No jet is complete without the appropriate nozzle. Nozzles perform the tough work of dislodging the blockage and breaking through clogs in the drainpipe, washing away the debris as it goes. Without the appropriate nozzle, it almost doesn’t matter which jet you use – you won’t be as effective and efficient as you could be. There is almost no end to the variety of nozzles available, and it is imperative that you use the correct nozzle for the job. As an example, if your line is full of sand, an open nozzle that only shoots water forward will not be as effective as a nozzle made for sand, such as a sandshoe nozzle. These nozzles are designed to lay flat at the bottom of the pipe, where the sand and grit will have settled.

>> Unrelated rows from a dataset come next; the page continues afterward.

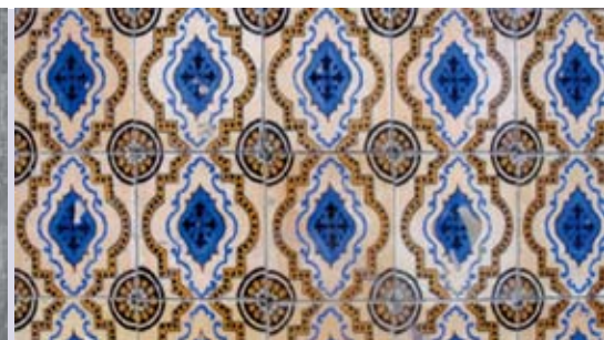
Azulejos de Fachada em Sesimbra | de 17 a 28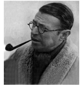
Jean Paúl Sartre

SARTRE, JEAN PAÚL. Nació en 1906 y murió en París el 15 de abril de 1980. Filósofo y literato, tuvo activa militancia política en el Partido Comunista Francés y en las filas del maoísmo. Premio Nóbel de Literatura en 1964. Rompió con el PCF a raíz de la invasión rusa a Checoslovaquia. El existencialismo tuvo poca influencia en Bolivia.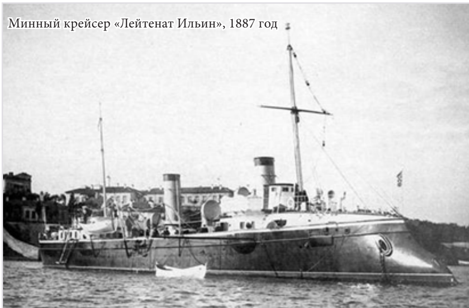
Минный крейсер «Лейтенант Ильин», 1887 год

было вызвано бурным развитием миноносцев, вооружённых исключительно минами. Возникла необходимость противодействия быстроходным наглецам. Самый простой и очевидный способ борьбы с миноносцами был изобретён такой: создавать миноносцы с артиллерийским вооружением, способные уничтожать миноносцы противника. При этом наличие артиллерии не отменяло применения эскадренных миноносцев (эсминцев) как собственно миноносцев, для борьбы с крупными боевыми кораблями. Часто в литературе эти корабли именуются истребителями, в Англии – «destroyers» (буквально, разрушителями). В русских дореволюционных морских справочниках иногда мож-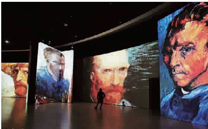
■ “不朽的梵高”感映艺术展效果图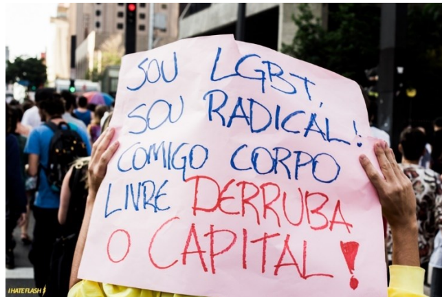
São Paulo, 2014.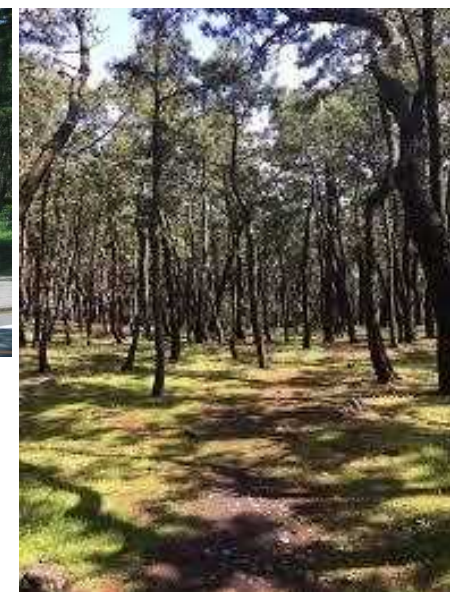
千本浜海岸、千本浜公園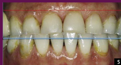
5 LINIA PRZEBIEGU DZIĄSEŁ PRZED LECZENIEM

ponieważ nikogo nie zachwyci jeden ząb ciemny, a drugi zbyt jasny. Uwagę naszą zwykle przykuwa jakiś defekt, może to być za duży nos, złamany ząb czy niedoskonała cera. Niestety, nasza uwaga skupia się również na karykaturalnie „poprawionych” częściach naszego ciała, na przykład zbyt białych, nienaturalnych zębach. Nie ma wtedy równowagi, z estetyką niewiele ma to wspólnego. Wygląda na to, że piękno zawarte jest w harmonii, gdy wszystkie elementy wizerunku są w równowadze.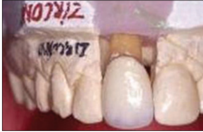
Figura 39. Corona yaket en zirconio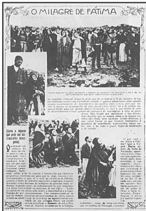
Una pagina della rivista Ilustração Portuguesa che ritrae la folla che osserva il "miracolo del sole". (29-10-1917)

Ma ecco che un grido colossale si alza, e dagli spettatori che si trovano più vicini si ode gridare: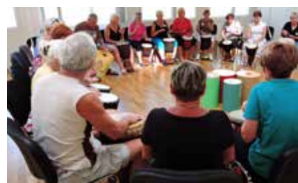
Bubnování jako forma muzikoterapie. Mimo taneční workshopy si účastníci Tanečního campu seniorů také mohli vyzkoušet bubnování v kruhu.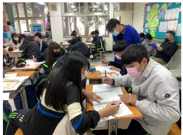
△小組討論，找證據支持觀點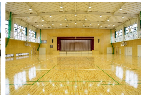
■ 内観 (アリーナ)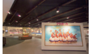
フラミュージアム ハイアンスやフラの歴史を展示している資料館。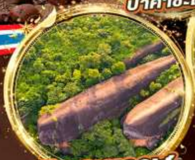
หินสามวาฬ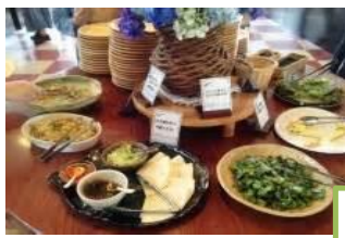
バイクンクイメージ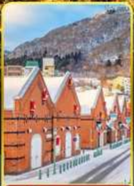
โกดังอิฐแดง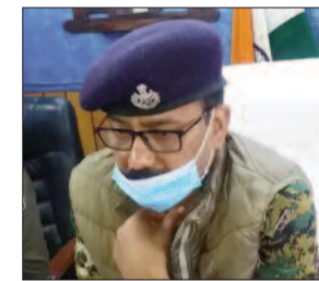
“जिले में शराब तस्करो को पकड़ने और शराब के कारोबार को ध्वस्त करने के लिए सभी थानाध्यक्षों को विशेष निर्देश दिया गया है। जिसके मद्देनजर सभी थाना क्षेत्र में बड़े पैमाने पर छापेमारी और तलाशी अभियान चलाया जा रहा है।”

पुलिस को अमसारी की घटना की यादें ताजा हो गई है। यही कारण है कि पुलिस महकमें पर लग रहे दाम तथा जहरीली शराब से होने वाली मौतों को रोकने के लिए पूरे लाव लश्कर के साथ मैदान में उतर गई है। गुरुवार को पुलिस की कवायदों के बाद यह कहा जा सकता है कि अब पुलिस शराब तस्करो के खिलाफ सबसे बड़ा अभियान चला रही है।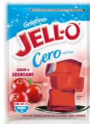
Gelatina Jell-O LIGHT O ZERO, diversos sabores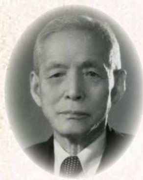
こ ばやし いち ぞう 小林 一三 Ichizo Kobayashi

(南アルプス市 1874~1959) 富士身延鉄道、山梨交通といった山梨にゆかり深い企業の要職を務めた。芸術への造詣が深く、根津美術館の理事長・館長も務めた。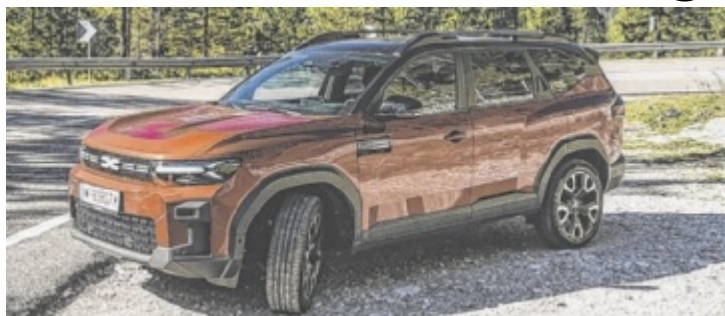
Der Dacia Bigster Hybrid 155 Journey ist ab 29.990 Euro zu haben.

Der Bigster ist die logische Fortsetzung dieser Strategie. Wer ihn als größeren Duster betrachtet, liegt richtig: Optisch ähneln sich die beiden, doch der Bigster wirkt durch sein deutliches Plus an Länge und Höhe wuchtiger und präsenter. Dazu passen die erstmals bei Dacia erhältlichen 19-Zoll-Alufel-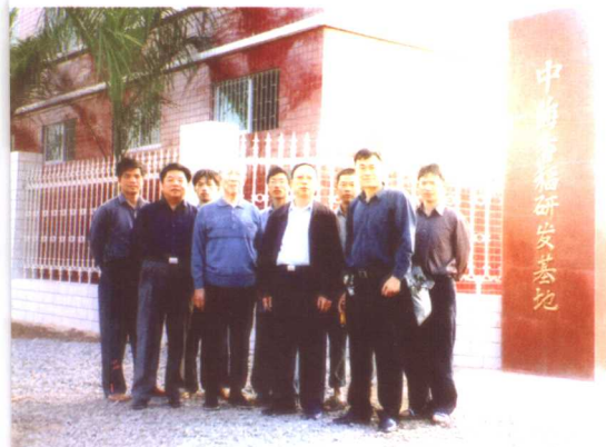
2004年陈老(前排左2)在中海香稻研发基地考察时与基地工作人员合影留念。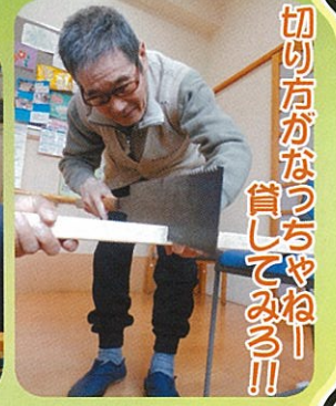
切り方がなつちやねー！首してみる！！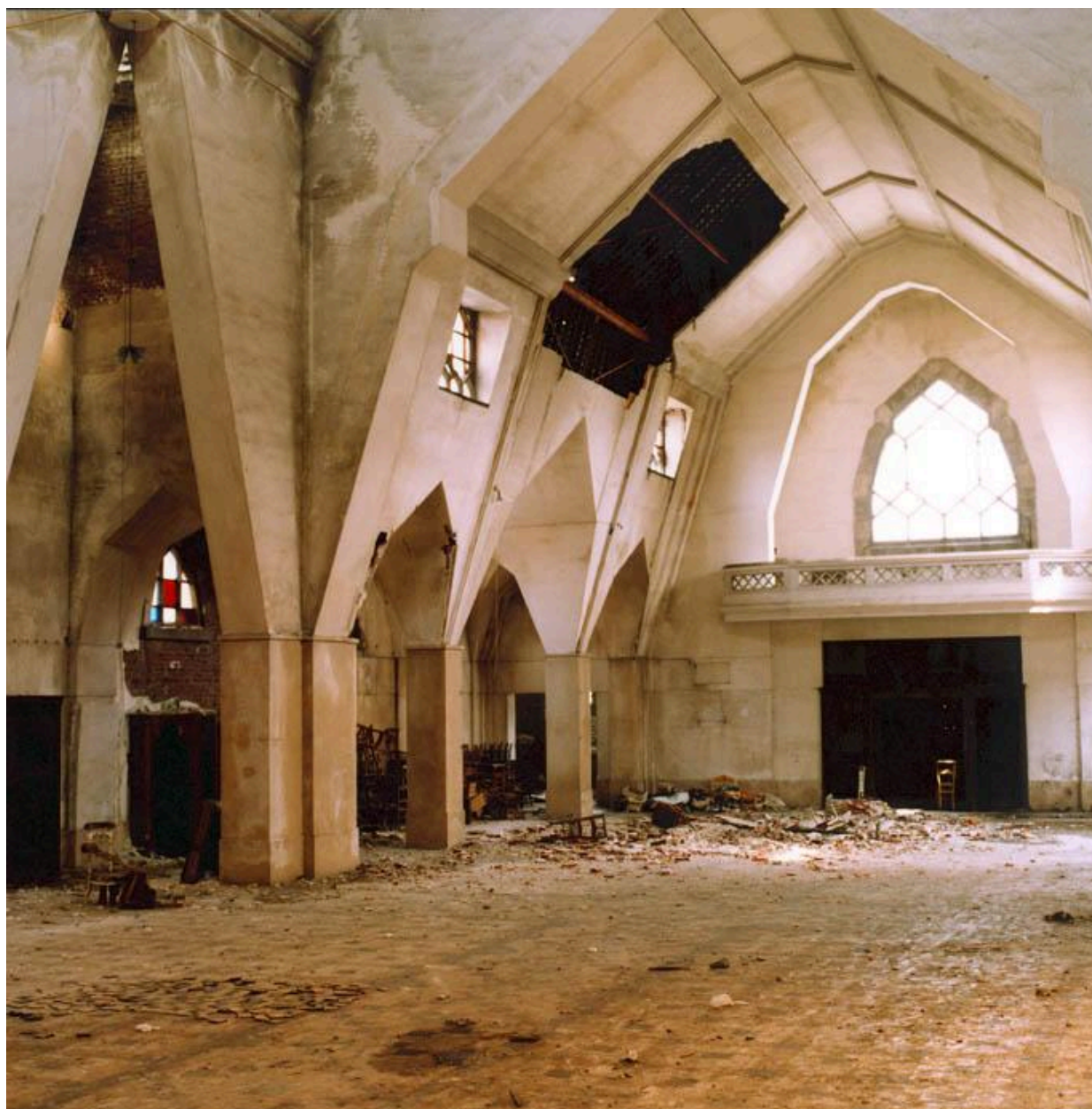
Vue générale intérieure, vers l'entrée, avant sa destruction.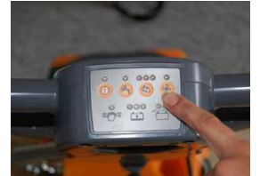
10. Käynnistä imumoottori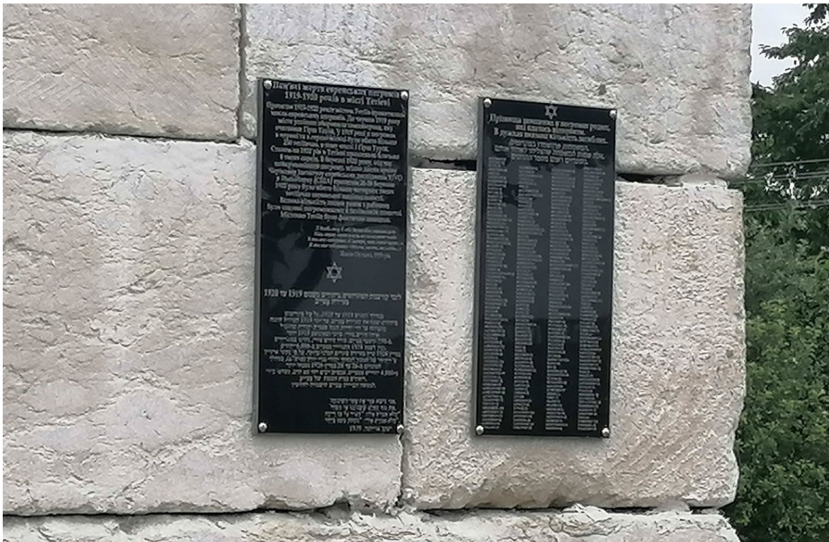
Установленные имена земляков, погибших в еврейских погромах

Впрочем, погром, положивший конец еврейской общине города, «своей» историей считают в Тетиеве далеко не все. Так в одной из групп в FB некоторые обеспокоенные горожане высказывают опасения, мол, не превратится ли Тетиев в Умань (спешим их успокоить — не превратится); другие интересуются, на чьи деньги увековечили память земляков (ни копейки из городского бюджета на монумент не истрчено); имеются ли все необходимые разрешения (мемориал, напомним, открыт на еврейском кладбище).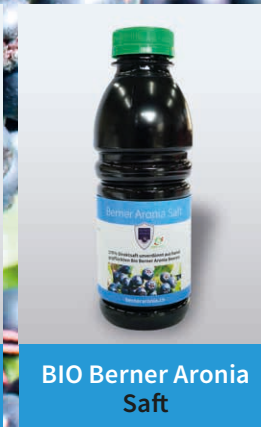
BIO Berner Aronia Saft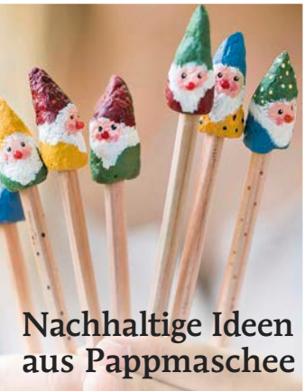
Nachhaltige Ideen aus Pappmaschee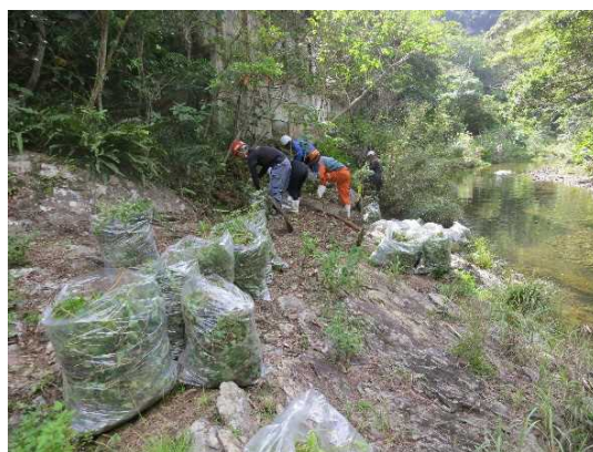
抜き取りながら袋につめていきます

There are some other important considerations when deciding on the right jetter for a job. Some homeowner’s associations have noise restrictions during evening hours. If you are called out for an emergency where sewage has backed up into a home at 11 p.m., you don’t want to add to the homeowner’s worry by adding a noise fine on top of their already ‘crappy’ situation. As mentioned previously, emissions from a jetter can be a concern in some cities, factories or homes. With an electric jetter there is no concern about emissions, but the trade-off is the risk of tripping a fuse, particularly in older and historic buildings.
Adding a jetter to your lineup can be a significant boost to the services your company provides. Yet it is imperative to know your business and ensure you get the jetter that will work best for the type of jobs you will most commonly face.